代写代考 FIT2004 Assessed Preparation

Assessed Preparation
Week 6 Studio Sheet (Solutions)
Useful advice: The following solutions pertain to the theoretical problems given in the tutorial classes. You are strongly advised to attempt the problems thoroughly before looking at these solutions. Simply reading the solu- tions without thinking about the problems will rob you of the practice required to be able to solve complicated problems on your own. You will perform poorly on the exam if you simply attempt to memorise solutions to the tutorial problems. Thinking about a problem, even if you do not solve it will greatly increase your understanding of the underlying concepts. Solutions are typically not provided for Python implementation questions. In some cases, psuedocode may be provided where it illustrates a particular useful concept.
Problem1. Ahashtablecanbeusedtostoredifferenttypesofelementssuchasintegers,strings,tuples,oreven arrays.

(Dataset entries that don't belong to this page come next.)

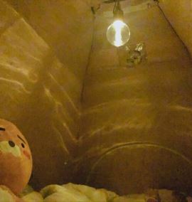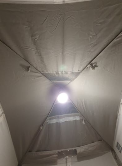 보온을 위해 텐트문을 닫아야하는데 그럼 빛이 들어오질 못해 실내가 어두워진다.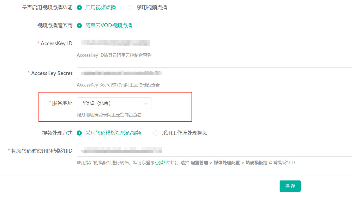 接下来,我们进入视频点播设置界面,将服务地址设置为阿里云开通的区域(例如选择华北2(北京)):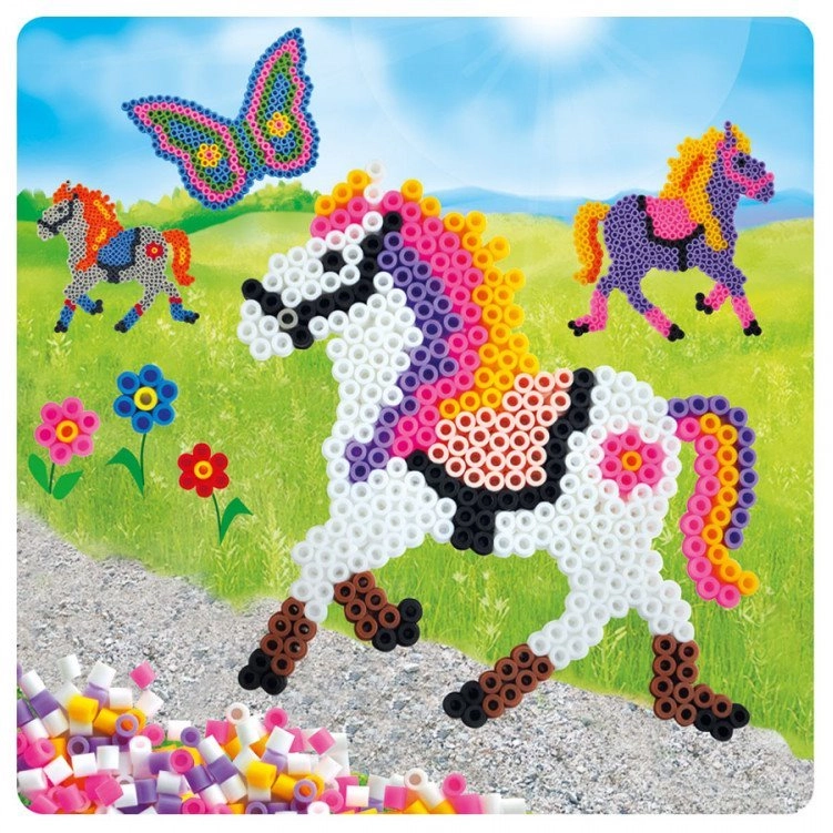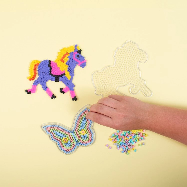 Lege die farbigen Perlen auf die beiliegende Plastikplatte. Sobald alle Perlen an ihrem Platz sind, bitte Mama oder Papa um Hilfe – gemeinsam könnt ihr das Bild fixieren.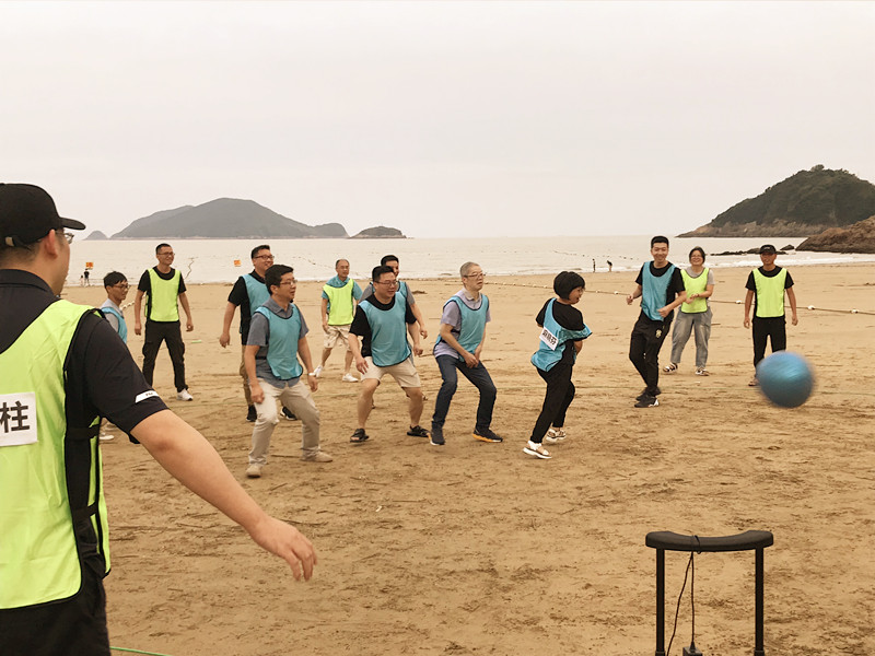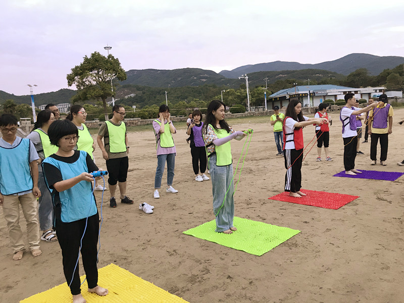 “破冰行動(dòng)”首先拉開(kāi)活動(dòng)序幕,“破冰”即打破員工之間的拘謹(jǐn)和束縛,尤其是兩家單位的陌生感,讓他們?cè)诮酉聛?lái)的活動(dòng)中能積極的參與進(jìn)來(lái)。簡(jiǎn)單的自我介紹認(rèn)識(shí)之后,隊(duì)伍分成四組進(jìn)行競(jìng)賽,“躲避球”考驗(yàn)的是團(tuán)隊(duì)的整體協(xié)調(diào)配合能力;“救生圈接力賽”在裁判的一聲令下,全員接力比賽決勝負(fù),緊張之余又趣味十足;“指壓板跳繩”難度系數(shù)高,讓隊(duì)員們摩拳擦掌,紛紛上場(chǎng)較量各隊(duì)實(shí)力,一起“腳”逐快樂(lè);“聽(tīng)歌識(shí)曲”輪番播放不同年代歌曲讓大家回憶經(jīng)典同時(shí)能猜出歌名。現(xiàn)場(chǎng)活動(dòng)熱烈,參與人員熱情高漲,笑聲不斷。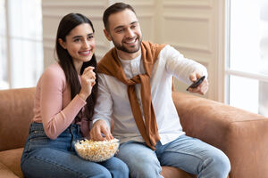 Arab Muslim wife in hijab watching TV and eating popcorn with her caucasian husband while sitting on sofa in living room at home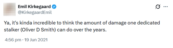 On 12 February 2024, I filed a harassment claim in the High Court of Justice under the Protection from Harassment Act 1997 (Section 3). As I earlier mentioned, I did not file a counterclaim against Kirkegaard in Kirkegaard v Smith (QB-2018-000390) so later filed a civil claim of harassment Smith v Kirkegaard (KB-2024-000772). My claim for damages was for £1,000 and I requested declaratory relief.73 The primary basis of my claim was Kirkegaard described me as a “stalker” in tweets and blog posts (examples: screenshot, screenshot and screenshot [see below]). I have never “stalked” Emil Kirkegaard; this is an unfounded and malicious accusation. I did skip-trace, as well as hired a few private investigators but this was all justifiably done as a creditor to recover the debt he owed.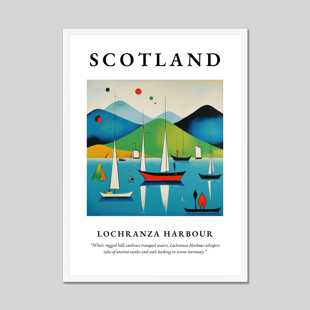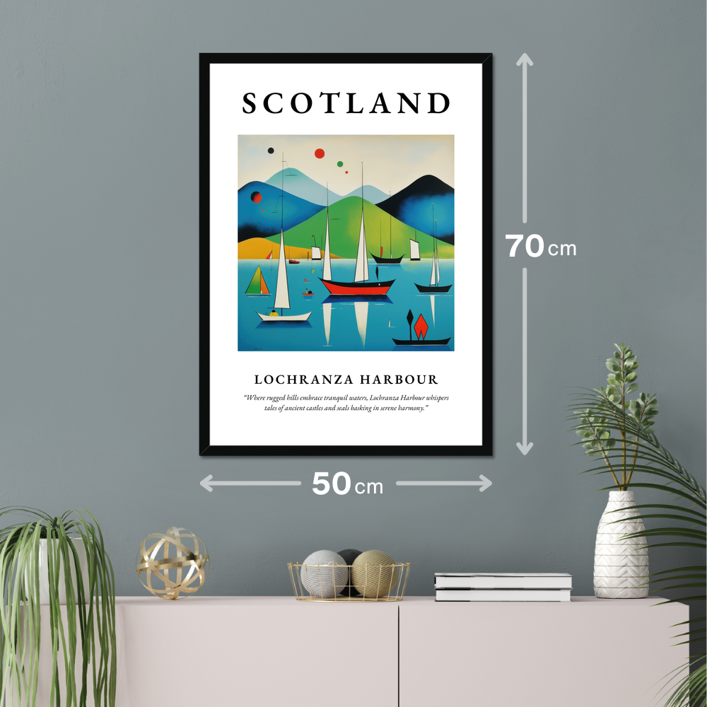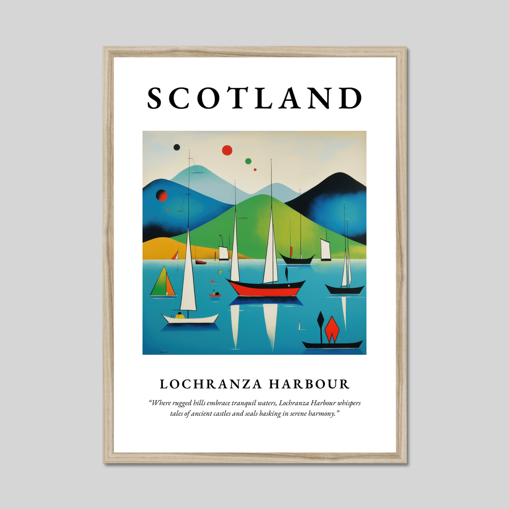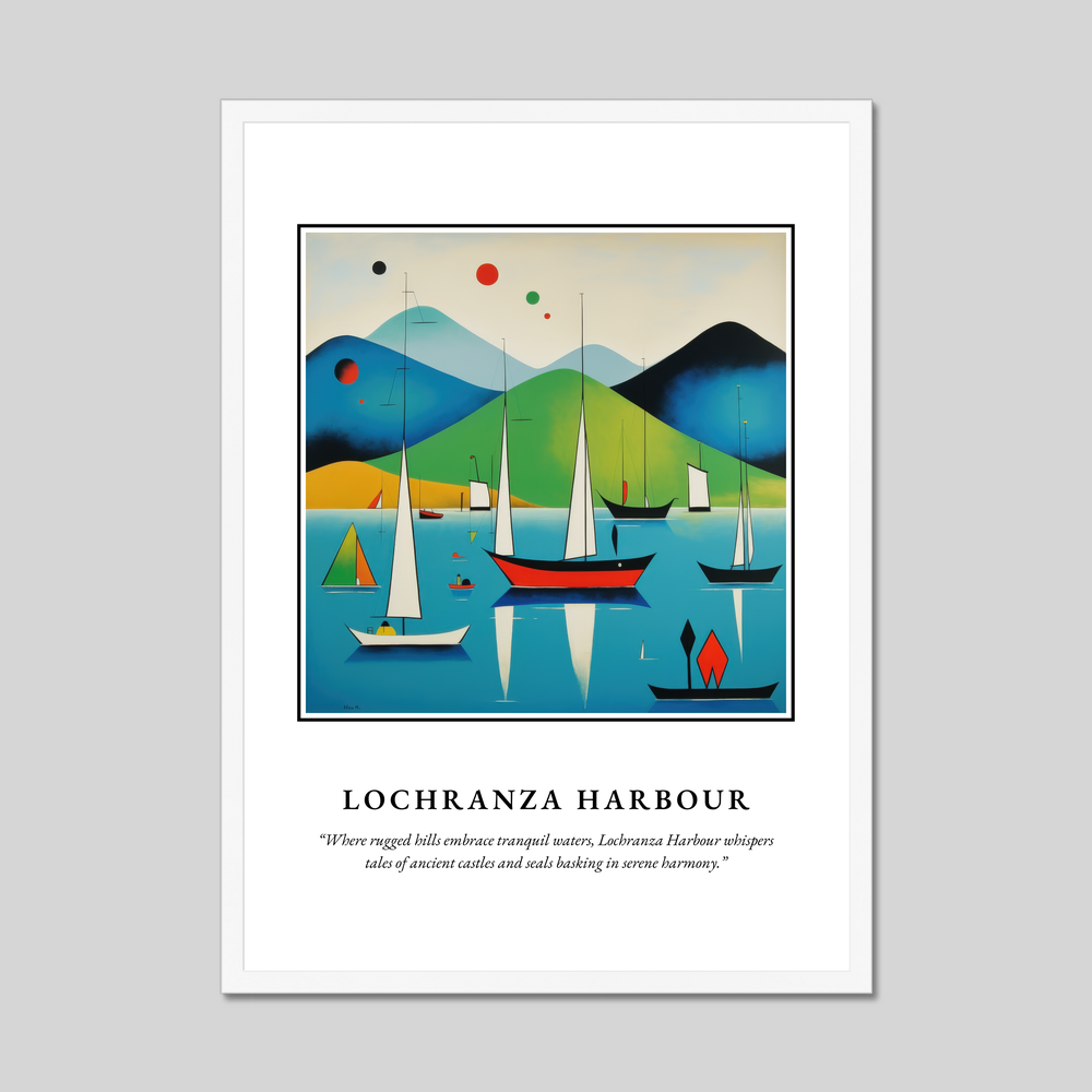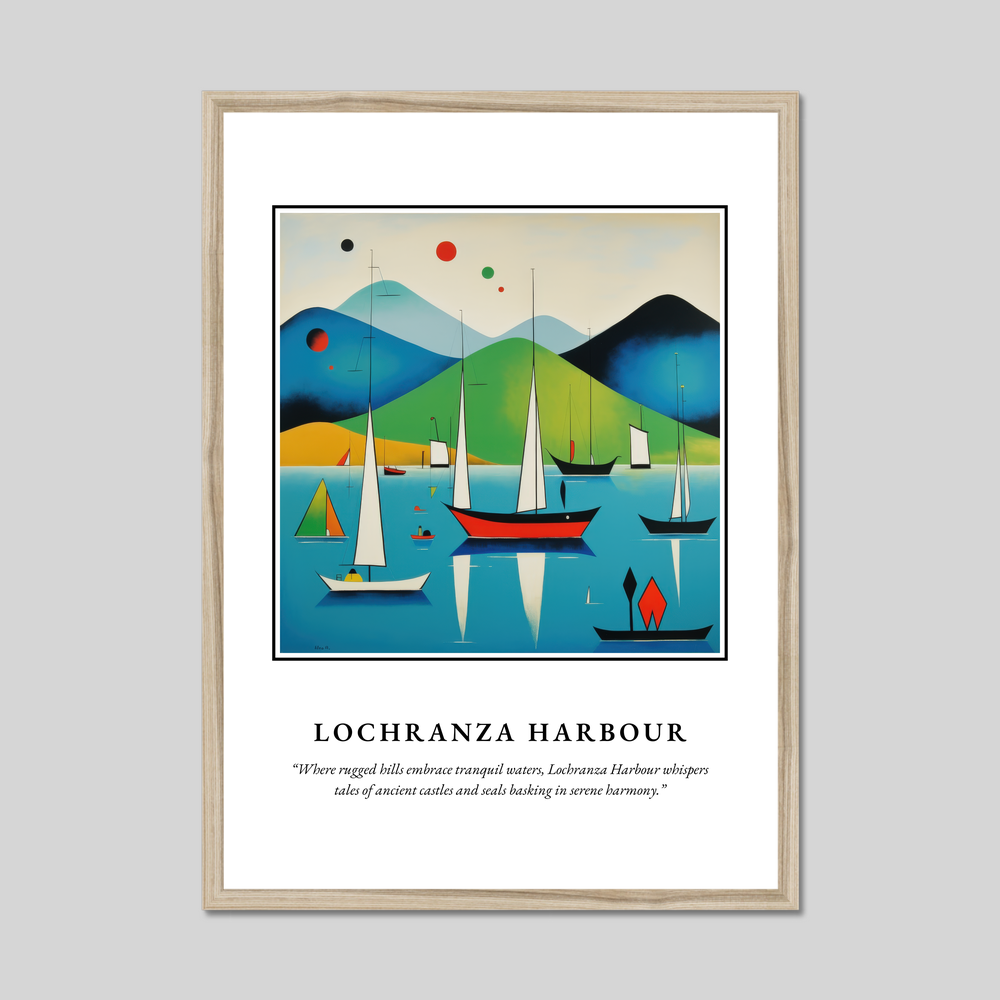 Unveil the beauty of Scotland in your living space with our striking 50cm x 70cm framed poster print. This captivating artwork is crafted in an abstract style, capturing the essence of Lochranza Harbour with bold and vibrant colours. Available in sleek black, pristine white, or elegant natural wood-effect frames, this poster complements any decor and serves as a dynamic focal point in any room.

Assume we want to use a hash table to store arrays of integers (i.e., each element is an array of integers). Consider the following potential hash functions for hashing the arrays of positive integers. Rank them in terms of quality and give a brief explanation of the problems with each of them. Assume that they are all taken mod m , where m is the table size.
• Returnthefirstnumberinthearray(e.g.,ifarray=[10,5,7,2],hashindexwillbe10%m)
• Returnarandomnumberinthearray(e.g.,ifarray=[10,5,7,2],hashindexwillbearandomlychosen
element from the array mod m)
• Returnthesumofthenumbersinthearray(e.g.,ifarray=[10,5,7,2],hashindexwillbe24%m)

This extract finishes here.